Mother Up! is an adult animated television series starring Eva Longoria, that streamed on Hulu in the United States and aired on City in Canada for a single season from 2013 to 2014. The show chronicles the misguided attempts at parenthood of a disgraced music executive who transitions from the big city to suburbia. After she resigns from her job and her husband leaves her, Rudi Wilson becomes a single mother raising her two children, Apple and Dick, and must learn mothering duties. Longoria stars as the main character and serves as executive producer.

Mother Up! premiered on November 6, 2013, with new episodes released on Wednesdays. It made its Canadian television debut on City on January 23, 2014, with new episodes aired on Saturday nights (during its first few weeks it was Thursday nights). The show was developed by Rogers Media and co-produced by Canadian companies Breakthrough Entertainment and Bardel Entertainment, in association with U.S.-based Mass Animation.  The show marked Hulu's second foray into animated programming after The Awesomes. It was pitched as "Family Guy for women".

The Mother Up! theme song, is written and performed by Lee Anna James in the Hulu release.

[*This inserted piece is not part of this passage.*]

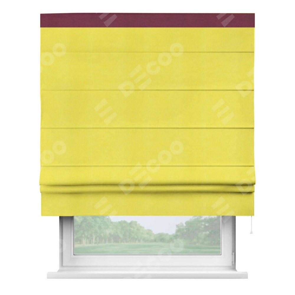 Римская штора производителя «Cortin», используется для проёма, пошита из ткани вельвет cветло-желтый, артикул ткани 30997. Отделка шторы кантом «Кинг», ткань для канта используется из вельвета разной расцветки на выбор. Имеет универсальный механизм и подходит для монтажа: на потолок, на стену и в нишу.
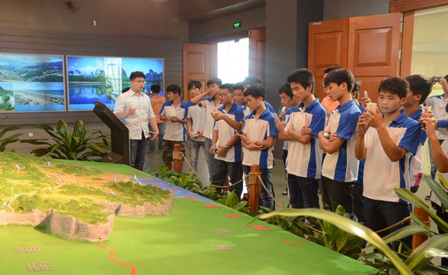 解說(shuō)員在給團幹們介紹(shào)廣西地貌

The series became available on Breakthrough Entertainment's YouTube channel in mid-2020.

Characters

Wilson family
Rudi Wilson (voiced by Eva Longoria) - The main character, a former music executive whose reputation is almost ruined after a scandal involving shooting kids in Central America with her client, 2Bit. She preserves her reputation by transferring all of the blame to her boss, at the price of her job and her life in the city. Now, she must live as a single suburban mother (her husband left her with two kids), despite being a terrible one.
Dick Wilson (voiced by Jesse Camacho) - Rudi's son, a loner, whose only friend is Agnes Chu. He constantly gets bullied by Travis. In episode 1, Rudi throws him a 10th birthday party, although Sarah says Dick and Apple's birthdays aren't for months, so Dick is probably 9 years old during the first season.
Apple Wilson (voiced by Rebecca Husain) - Rudi's imaginative daughter, who longs for her mother's attention. In episode 4, Rudi says Apple is 6, while in episode 6 says is 5. 
Jeffrey Wilson (voiced by Mark McKinney) - Rudi's former husband, and the father of Dick and Apple.

Chu family
Mrs. Suzi Chu (voiced by Grace Lynn Kung) - One of the series' other antagonists; Jenny's friend. She drives her daughter Agnes to excessive studying.
Agnes Chu (voiced by Rebecca Husain) - A girl in Dick's grade, but she's in the gifted class. She attends sports camp every summer as her parents want her to be well-rounded. In episode 6, her mother says she is the youngest female Chess Master in the world (though Apple, enhanced by drugs, checkmates her) and Rudi estimates that Agnes is 10 years old.

Neighbours
Sarah (voiced by Gabrielle Miller) - Rudi's friend and neighbor, a married mother of one. Sarah is very impressed by Rudi's high-powered lifestyle and celebrity friends, and is easily convinced to "pick up the slack" in Rudi's parenting. Rudi plainly takes advantage of Sarah's good nature, but she takes the abuse like a trooper in the name of friendship and for the good of Apple and Dick. In her heart, she admires Rudi's life and attitude.
Fergus (voiced by Rebecca Husain) - Sarah's autistic son (she calls him "Fergie"); Apple's friend.
Greg (voiced by Scott McCord) - Rudi's friend and other neighbor, a widowed father of one. Greg sees himself as a helper and potential suitor to Rudi, though she walks all over him. However, his eternal optimism fuels their friendship. He likes to do odd jobs for her and the community; it also implied Greg is scared of his stepson Joel.
Joel (voiced by Zachary Bennett) - Greg's stepson. He hates adults, especially his stepdad Greg, perhaps because he misses his real dad. His mother died, so Greg inherited custody of him. Joel is a misanthropic goth/emo with extremely violent and anti-social tendencies, in sharp contrast to his easy-going, gregarious stepfather. He plays violent video games - only banned ones - while also wearing diapers so he can play for long periods of time.

Faculty
Principal Moxley (voiced by Helen Taylor) - Head of staff at the kids' school. In Episode 6, she threatens to call Child Protective Services because Rudi let Apple walk across the tightrope on school grounds, but backs down after Rudi says she will tell the police, the media, and the school's insurance company about the tightrope.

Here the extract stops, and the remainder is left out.